▶ [TASK INSTRUCTIONS]: An exact copy of the entries is needed, with every picture left out.

▶ [DATA PROVIDED]:
+ + + +

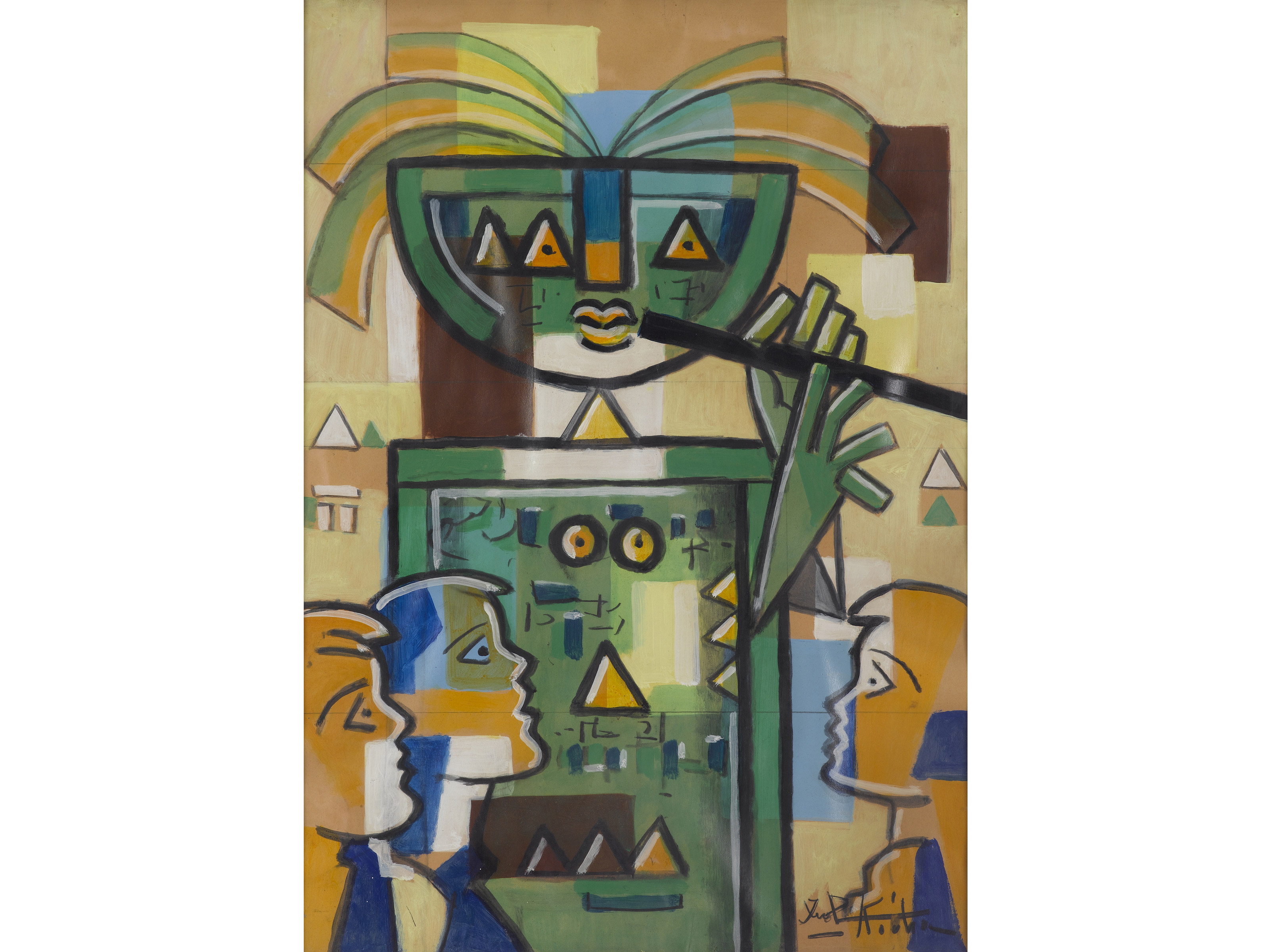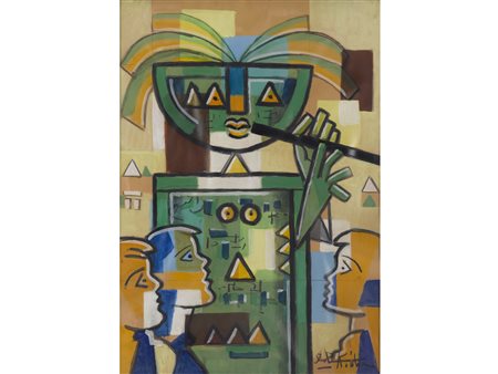 Ibrahim Shaban Likmetaj Kodra (Ishëm 1918–Milano 2006) Il Suonatore Tempera su carta applicata su tela Firmato Misure 70x50 cm
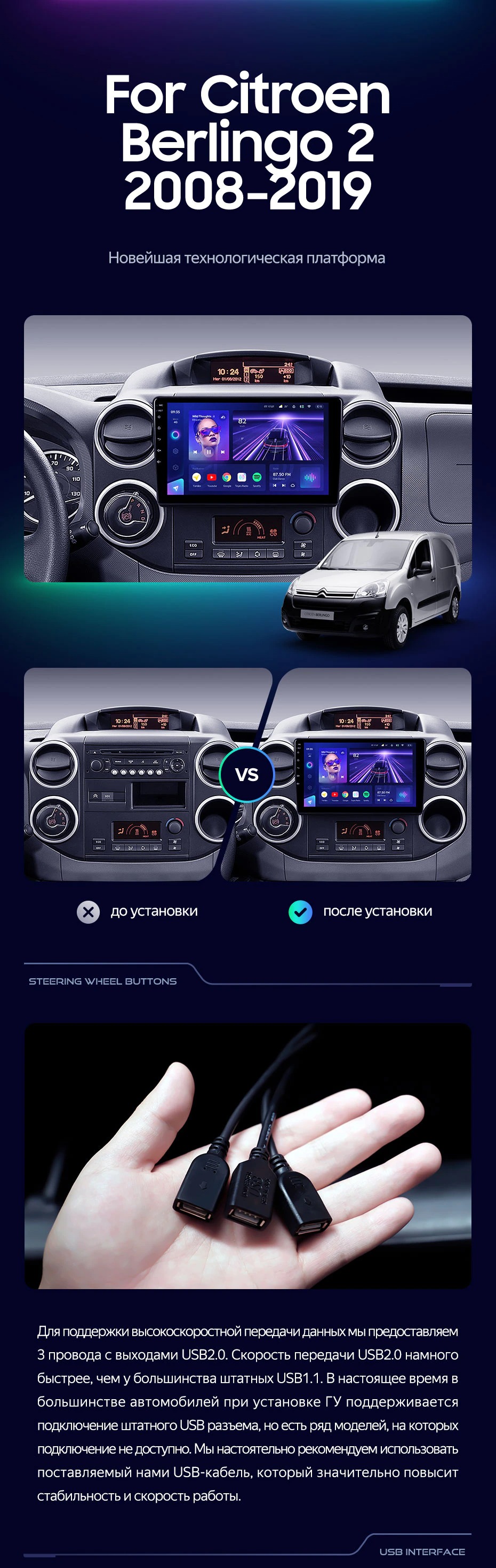 Штатная магнитола Teyes CC3 2K 360 6/128 Citroen Berlingo 2 B9 (2008-2019) (13") - купить всего за 51 400 руб. в интернет-магазине во Владимире Teyes.com.ru. ✓ Самый лучший выбор мультимедиа ✓ Лучшая замена штатному ГУ ✓ Тел. +7 (800) 775-31-74
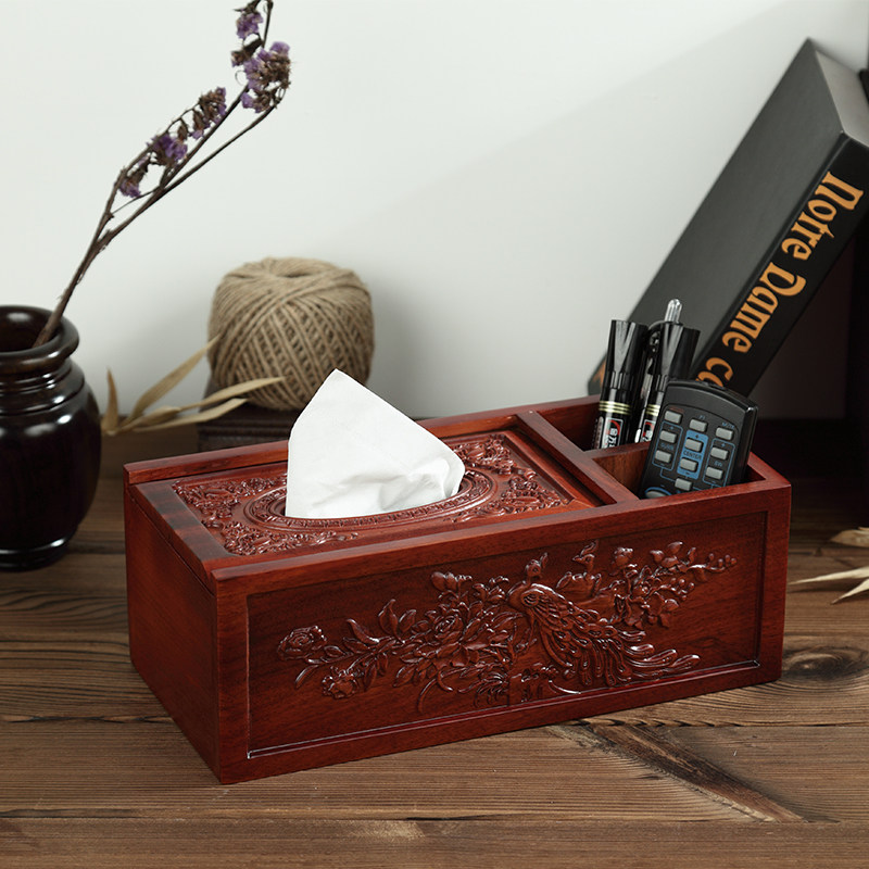 中式木质茶几遥控器收纳纸巾盒多用抽纸盒家用手机收纳盒创意实木热门设计联盟服务商
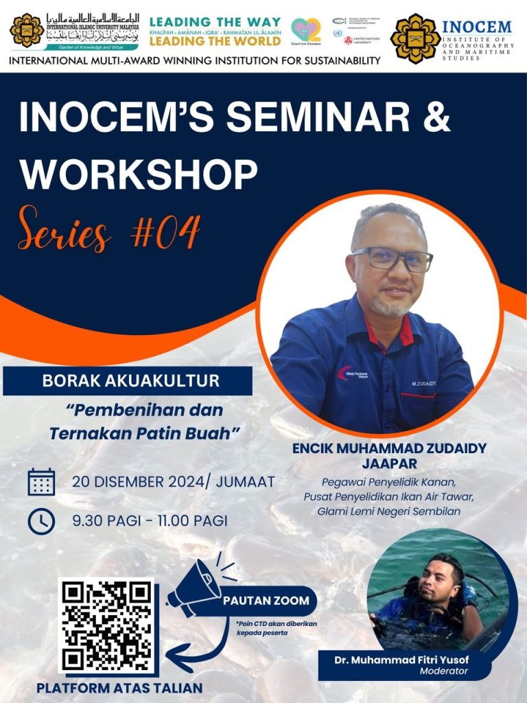 In 2024, the INOCEM Seminar and Workshop Series strengthened IIUM’s contribution to marine science and aquaculture education through expert-led sessions that promoted innovation and interdisciplinary learning.
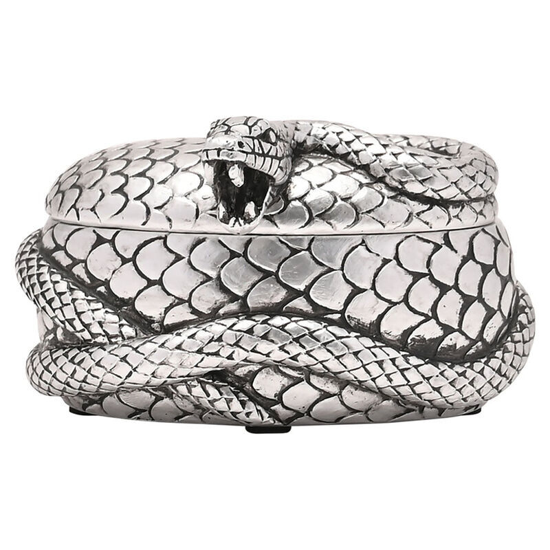 Son design met en scène Nagini, le redoutable serpent de Lord Voldemort, élégamment enroulé autour de la boîte argentée.

+ + + +

▶ [TASK OUTPUT]:
 Ibrahim Shaban Likmetaj Kodra (Ishëm 1918–Milano 2006) Il Suonatore Tempera su carta applicata su tela Firmato Misure 70x50 cm
 Штатная магнитола Teyes CC3 2K 360 6/128 Citroen Berlingo 2 B9 (2008-2019) (13") - купить всего за 51 400 руб. в интернет-магазине во Владимире Teyes.com.ru. ✓ Самый лучший выбор мультимедиа ✓ Лучшая замена штатному ГУ ✓ Тел. +7 (800) 775-31-74
 中式木质茶几遥控器收纳纸巾盒多用抽纸盒家用手机收纳盒创意实木热门设计联盟服务商
 In 2024, the INOCEM Seminar and Workshop Series strengthened IIUM’s contribution to marine science and aquaculture education through expert-led sessions that promoted innovation and interdisciplinary learning.
 Son design met en scène Nagini, le redoutable serpent de Lord Voldemort, élégamment enroulé autour de la boîte argentée.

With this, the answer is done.